An URN contains 4 red and 6 green balls another URN contains 2 red and...
Problem Statement:
An URN contains 4 red and 6 green balls another URN contains 2 red and 5 green balls and URN was selected at random and then a ball was drawn from it if it was found to be Red then the probability that it has been drawn from the first URN is?
Solution:
Step 1: Understand the problem
The problem describes a situation where two URNs contain different numbers of red and green balls. One URN contains 4 red and 6 green balls, while the other URN contains 2 red and 5 green balls. A ball is drawn at random from one of the URNs, and it is found to be red. We need to find the probability that this ball was drawn from the first URN.
Step 2: Define the Events
Let us define the following events:
- Event R1: A ball is drawn from the first URN.
- Event R2: A ball is drawn from the second URN.

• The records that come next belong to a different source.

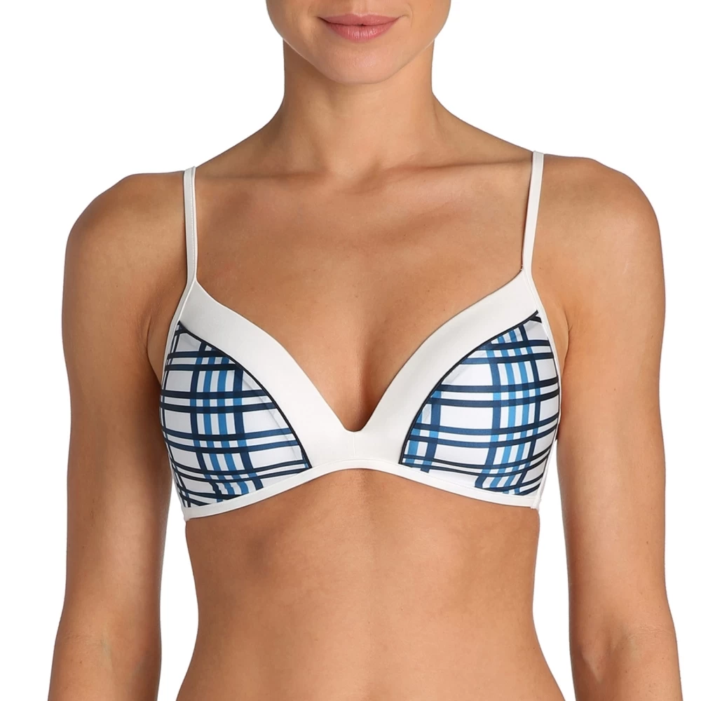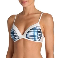 Dieses Modell mit Karoprintmuster am Cup mixt den hippen Triangel-Look mit dem Komfort und Halt, den vorgeformte Cups gewähren. Ohne Bügel, daher ein Hauch frivoler. Karos in kessem Blau auf klassischem Untergrund in Natur … schlicht edel!
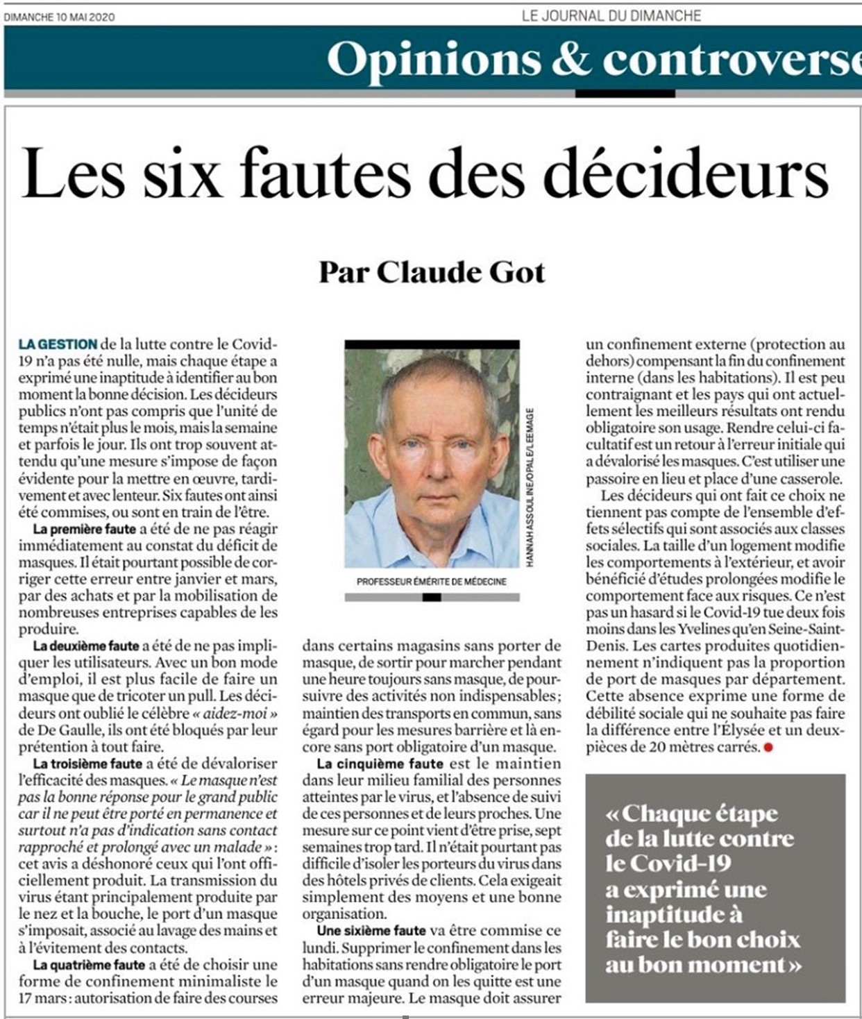 Texte personnel sur les erreurs de gestion de l'épidémie publié par le JDD le 10 mai
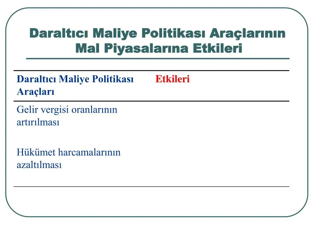 Hanehalkı Ekonomisini Etkileyen Mali Politika ve Etkileri
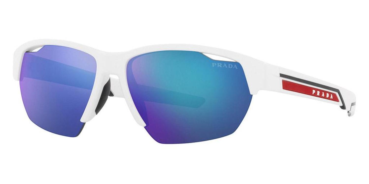 The Prada men's sunglasses measure at 64 mm lens width, 15 mm bridge width, 140 mm lens width. The frame is irregular-shaped matte white plastic. Made In Italy (PS-03YS-AAI08R)
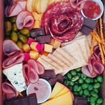 salame - 60 gr. batata pringles - 75 gr. amendoim - 75 gr. queijo gouda - 60 gr. queijo gorgonzola - 60 gr. geleia artesanal - 60 ml pate - 100 gr. azeitona - 75 gr. salgadinho pingo de ouro - 75 gr. chocolate ferreiro rocher - 3 un. mini torradas - 75 gr. lombo - 60 gr. uva ou morango - 100 gr. queijo parmessão - 60 gr. copa lombo - 60 gr. pão ( consultar tipo) - 1 un.
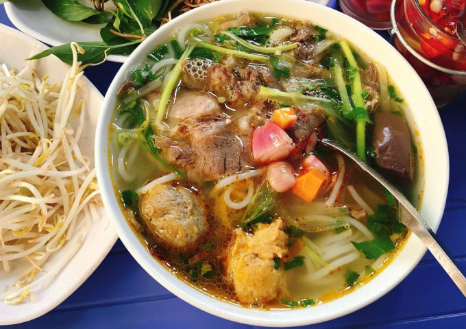 Bún bò ăn kèm rau sống, giá đỗ. Nếu thích ăn rau chín, bạn có thể yêu cầu chủ quán trần rau sống giúp trước. Ảnh: Ngọc Trân

- Event Red: A red ball is drawn.
Step 3: Find the Probability
We need to find P(R1|Red), the probability that a ball was drawn from the first URN given that a red ball was drawn. We can use Bayes' theorem to find this probability:
P(R1|Red) = P(R1 and Red) / P(Red)
We can calculate the numerator and denominator as follows:
- P(R1 and Red) = P(Red|R1) * P(R1) = (4/10) * (1/2) = 2/10
- P(Red) = P(Red|R1) * P(R1) + P(Red|R2) * P(R2) = (4/10) * (1/2) + (2/7) * (1/2) = 29/70
Therefore, the probability that the ball was drawn from the first URN given that a red ball was drawn is:
P(R1|Red) = (2/10) / (29/70) = 4/29 = 0.138 = 13.8%
Step 4: Interpretation
The probability that the ball was drawn from the first URN given that a red ball was drawn is 13.8%. This means that if we repeat this experiment many times, and we draw a red ball each time, then about 13.8% of the time we would have drawn the ball from the first URN. The remaining 86.2% of the time we would have drawn the ball from the second URN.